Chandler and Louis did most of the benchmarking (I only confirmed that I saw no regressions); I'll let them comment (some of Louis's results are also discussed in another thread re: r207940).
-Hal
>
> Thanks,
> Nadav
>
>
> > this is the wrong approach. In
> > fact, there are zero known cases where the branch limit prevents a
> > detrimental
> > unrolling (but plenty of cases where it does prevent beneficial
> > unrolling).
> >
> > While we could improve the current branch counting logic by
> > incorporating
> > branch probabilities, this further complication seems unjustified
> > without a
> > motivating regression. Instead, unless and until a regression
> > appears, the
> > branch counting will be removed.
> >
> > Modified:
> > llvm/trunk/lib/Target/X86/X86TargetTransformInfo.cpp
> >
> > Modified: llvm/trunk/lib/Target/X86/X86TargetTransformInfo.cpp
> > URL:
> > http://llvm.org/viewvc/llvm-project/llvm/trunk/lib/Target/X86/X86TargetTransformInfo.cpp?rev=208255&r1=208254&r2=208255&view=diff
> > ==============================================================================
> > --- llvm/trunk/lib/Target/X86/X86TargetTransformInfo.cpp (original)

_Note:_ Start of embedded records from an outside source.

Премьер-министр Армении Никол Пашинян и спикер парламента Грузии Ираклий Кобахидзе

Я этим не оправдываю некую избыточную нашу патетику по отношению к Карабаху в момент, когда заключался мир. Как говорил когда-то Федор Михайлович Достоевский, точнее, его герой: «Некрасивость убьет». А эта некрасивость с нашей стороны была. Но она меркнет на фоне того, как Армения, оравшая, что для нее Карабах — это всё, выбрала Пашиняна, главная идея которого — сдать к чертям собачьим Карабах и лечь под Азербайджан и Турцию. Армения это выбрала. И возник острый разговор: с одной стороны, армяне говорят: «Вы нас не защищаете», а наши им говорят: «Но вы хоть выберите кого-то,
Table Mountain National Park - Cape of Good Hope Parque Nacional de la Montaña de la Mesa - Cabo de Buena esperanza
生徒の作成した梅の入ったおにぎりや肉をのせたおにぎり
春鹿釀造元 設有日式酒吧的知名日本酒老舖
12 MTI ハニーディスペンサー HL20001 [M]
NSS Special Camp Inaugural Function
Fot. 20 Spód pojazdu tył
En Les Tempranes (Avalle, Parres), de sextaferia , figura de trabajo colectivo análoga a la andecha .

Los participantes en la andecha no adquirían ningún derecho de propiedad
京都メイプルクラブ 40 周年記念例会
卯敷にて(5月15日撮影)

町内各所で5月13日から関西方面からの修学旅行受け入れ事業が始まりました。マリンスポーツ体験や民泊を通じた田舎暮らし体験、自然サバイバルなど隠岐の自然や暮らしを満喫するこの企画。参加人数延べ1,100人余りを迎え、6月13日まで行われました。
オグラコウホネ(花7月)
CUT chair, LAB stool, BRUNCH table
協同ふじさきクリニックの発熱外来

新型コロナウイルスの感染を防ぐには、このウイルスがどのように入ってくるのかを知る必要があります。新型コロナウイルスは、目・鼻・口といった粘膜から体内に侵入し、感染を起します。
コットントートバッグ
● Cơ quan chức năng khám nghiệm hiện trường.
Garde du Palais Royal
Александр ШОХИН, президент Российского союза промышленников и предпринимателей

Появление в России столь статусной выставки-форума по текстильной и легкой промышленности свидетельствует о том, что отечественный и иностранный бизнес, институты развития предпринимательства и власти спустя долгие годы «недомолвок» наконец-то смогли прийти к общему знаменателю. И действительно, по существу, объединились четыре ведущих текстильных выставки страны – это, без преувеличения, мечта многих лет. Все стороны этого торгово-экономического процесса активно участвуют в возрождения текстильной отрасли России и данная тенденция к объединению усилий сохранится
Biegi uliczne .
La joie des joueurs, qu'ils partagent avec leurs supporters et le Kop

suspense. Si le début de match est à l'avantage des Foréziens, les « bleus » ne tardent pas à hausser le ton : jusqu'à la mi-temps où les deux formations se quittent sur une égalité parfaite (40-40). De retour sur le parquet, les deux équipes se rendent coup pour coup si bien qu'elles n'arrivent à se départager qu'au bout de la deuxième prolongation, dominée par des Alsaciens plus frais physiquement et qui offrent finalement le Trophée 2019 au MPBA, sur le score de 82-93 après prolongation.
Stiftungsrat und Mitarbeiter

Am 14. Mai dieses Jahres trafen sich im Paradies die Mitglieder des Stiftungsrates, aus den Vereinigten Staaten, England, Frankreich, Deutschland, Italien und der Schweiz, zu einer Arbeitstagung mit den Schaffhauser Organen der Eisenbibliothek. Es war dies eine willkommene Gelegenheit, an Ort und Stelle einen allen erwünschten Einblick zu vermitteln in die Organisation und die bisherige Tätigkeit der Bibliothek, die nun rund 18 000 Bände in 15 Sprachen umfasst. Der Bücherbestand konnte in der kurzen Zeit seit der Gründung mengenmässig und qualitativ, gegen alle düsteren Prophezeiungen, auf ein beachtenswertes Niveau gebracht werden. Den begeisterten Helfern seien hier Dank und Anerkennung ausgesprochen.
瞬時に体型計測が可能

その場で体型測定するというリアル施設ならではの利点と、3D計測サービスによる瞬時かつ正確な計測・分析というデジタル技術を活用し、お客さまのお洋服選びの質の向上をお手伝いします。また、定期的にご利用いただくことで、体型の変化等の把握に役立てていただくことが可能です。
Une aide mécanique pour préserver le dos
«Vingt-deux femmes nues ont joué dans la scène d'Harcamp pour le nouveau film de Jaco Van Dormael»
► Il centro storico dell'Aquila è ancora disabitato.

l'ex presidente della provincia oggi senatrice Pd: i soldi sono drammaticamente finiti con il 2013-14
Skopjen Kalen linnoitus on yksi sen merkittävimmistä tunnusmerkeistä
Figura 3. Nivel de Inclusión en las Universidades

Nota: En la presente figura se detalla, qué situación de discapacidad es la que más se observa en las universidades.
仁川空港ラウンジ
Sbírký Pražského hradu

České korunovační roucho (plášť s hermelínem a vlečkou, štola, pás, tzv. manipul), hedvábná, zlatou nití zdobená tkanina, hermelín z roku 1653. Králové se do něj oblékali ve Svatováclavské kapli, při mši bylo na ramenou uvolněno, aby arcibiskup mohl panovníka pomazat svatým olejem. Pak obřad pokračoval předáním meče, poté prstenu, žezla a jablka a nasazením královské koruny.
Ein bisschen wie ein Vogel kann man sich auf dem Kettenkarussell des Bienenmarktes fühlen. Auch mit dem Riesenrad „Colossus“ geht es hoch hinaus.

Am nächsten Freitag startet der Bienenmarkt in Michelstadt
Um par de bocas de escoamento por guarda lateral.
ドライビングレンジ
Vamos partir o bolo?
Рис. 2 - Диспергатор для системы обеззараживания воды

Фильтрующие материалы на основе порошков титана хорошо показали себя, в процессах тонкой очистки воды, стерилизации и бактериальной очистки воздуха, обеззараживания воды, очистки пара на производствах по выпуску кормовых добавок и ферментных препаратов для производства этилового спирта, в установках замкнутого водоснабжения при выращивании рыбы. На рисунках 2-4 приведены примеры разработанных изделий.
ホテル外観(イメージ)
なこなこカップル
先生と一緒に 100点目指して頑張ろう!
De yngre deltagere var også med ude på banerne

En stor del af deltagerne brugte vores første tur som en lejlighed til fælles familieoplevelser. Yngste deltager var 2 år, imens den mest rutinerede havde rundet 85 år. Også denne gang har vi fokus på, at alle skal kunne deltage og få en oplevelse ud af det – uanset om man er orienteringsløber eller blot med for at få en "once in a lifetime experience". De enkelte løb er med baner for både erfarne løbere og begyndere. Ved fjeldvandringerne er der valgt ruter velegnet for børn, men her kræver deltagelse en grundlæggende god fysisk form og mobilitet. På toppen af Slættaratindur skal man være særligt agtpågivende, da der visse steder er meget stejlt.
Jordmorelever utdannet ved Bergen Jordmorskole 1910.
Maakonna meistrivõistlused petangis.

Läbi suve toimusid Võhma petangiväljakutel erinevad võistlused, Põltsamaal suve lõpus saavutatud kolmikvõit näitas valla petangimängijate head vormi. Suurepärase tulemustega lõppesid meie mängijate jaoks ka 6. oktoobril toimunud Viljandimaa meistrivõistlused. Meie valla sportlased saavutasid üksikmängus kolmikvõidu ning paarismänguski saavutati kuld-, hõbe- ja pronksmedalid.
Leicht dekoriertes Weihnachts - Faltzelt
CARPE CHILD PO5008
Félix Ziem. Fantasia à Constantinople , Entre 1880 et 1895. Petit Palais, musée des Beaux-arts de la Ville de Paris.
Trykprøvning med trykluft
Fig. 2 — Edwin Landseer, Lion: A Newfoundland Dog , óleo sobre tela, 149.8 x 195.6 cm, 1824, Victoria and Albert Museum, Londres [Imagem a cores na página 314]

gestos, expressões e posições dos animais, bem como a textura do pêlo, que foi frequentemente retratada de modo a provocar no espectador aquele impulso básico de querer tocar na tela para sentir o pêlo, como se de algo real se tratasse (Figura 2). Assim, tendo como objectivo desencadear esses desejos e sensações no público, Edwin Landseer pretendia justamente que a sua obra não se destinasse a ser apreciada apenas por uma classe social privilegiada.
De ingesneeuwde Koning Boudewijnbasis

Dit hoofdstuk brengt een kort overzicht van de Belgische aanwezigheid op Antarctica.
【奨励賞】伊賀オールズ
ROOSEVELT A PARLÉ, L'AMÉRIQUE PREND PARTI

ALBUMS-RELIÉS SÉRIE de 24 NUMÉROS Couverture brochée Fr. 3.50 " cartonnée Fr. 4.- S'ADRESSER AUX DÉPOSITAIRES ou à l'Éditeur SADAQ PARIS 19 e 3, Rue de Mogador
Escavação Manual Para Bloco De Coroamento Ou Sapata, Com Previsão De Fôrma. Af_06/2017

> > +++ llvm/trunk/lib/Target/X86/X86TargetTransformInfo.cpp Wed May 7
> > 17:25:18 2014
> > @@ -41,10 +41,6 @@ UsePartialUnrolling("x86-use-partial-unr
> > static cl::opt<unsigned>
> > PartialUnrollingThreshold("x86-partial-unrolling-threshold",
> > cl::init(0),
> > cl::desc("Threshold for X86 partial unrolling"), cl::Hidden);
> > -static cl::opt<unsigned>
> > -PartialUnrollingMaxBranches("x86-partial-max-branches",
> > cl::init(2),
> > - cl::desc("Threshold for taken branches in X86 partial
> > unrolling"),
> > - cl::Hidden);
> >
> > namespace {
> >
> > @@ -172,49 +168,38 @@ void X86TTI::getUnrollingPreferences(Loo
> > // - The loop must have fewer than 16 branches
> > // - The loop must have less than 40 uops in all executed loop
> > branches
> >
> > - unsigned MaxBranches, MaxOps;
> > + // The number of taken branches in a loop is hard to estimate
> > here, and
> > + // benchmarking has revealed that it is better not to be
> > conservative when
> > + // estimating the branch count. As a result, we'll ignore the
> > branch limits
> > + // until someone finds a case where it matters in practice.
> > +
> > + unsigned MaxOps;
> > if (PartialUnrollingThreshold.getNumOccurrences() > 0) {
> > - MaxBranches = PartialUnrollingMaxBranches;
> > MaxOps = PartialUnrollingThreshold;
> > } else if (ST->isAtom()) {
> > // On the Atom, the throughput for taken branches is 2 cycles.
> > For small
> > // simple loops, expand by a small factor to hide the backedge
> > cost.
> > - MaxBranches = 2;
> > MaxOps = 10;
> > } else if (ST->hasFSGSBase() && ST->hasXOP() /* Steamroller and
> > later */) {
> > - MaxBranches = 16;
> > MaxOps = 40;
> > } else if (ST->hasFMA4() /* Any other recent AMD */) {
> > return;
> > } else if (ST->hasAVX() || ST->hasSSE42() /* Nehalem and later
> > */) {
> > - MaxBranches = 8;
> > MaxOps = 28;
> > } else if (ST->hasSSSE3() /* Intel Core */) {
> > - MaxBranches = 4;
> > MaxOps = 18;
> > } else {
> > return;
> > }
> >
> > - // Scan the loop: don't unroll loops with calls, and count the
> > potential
> > - // number of taken branches (this is somewhat conservative
> > because we're
> > - // counting all block transitions as potential branches while in
> > reality some
> > - // of these will become implicit via block placement).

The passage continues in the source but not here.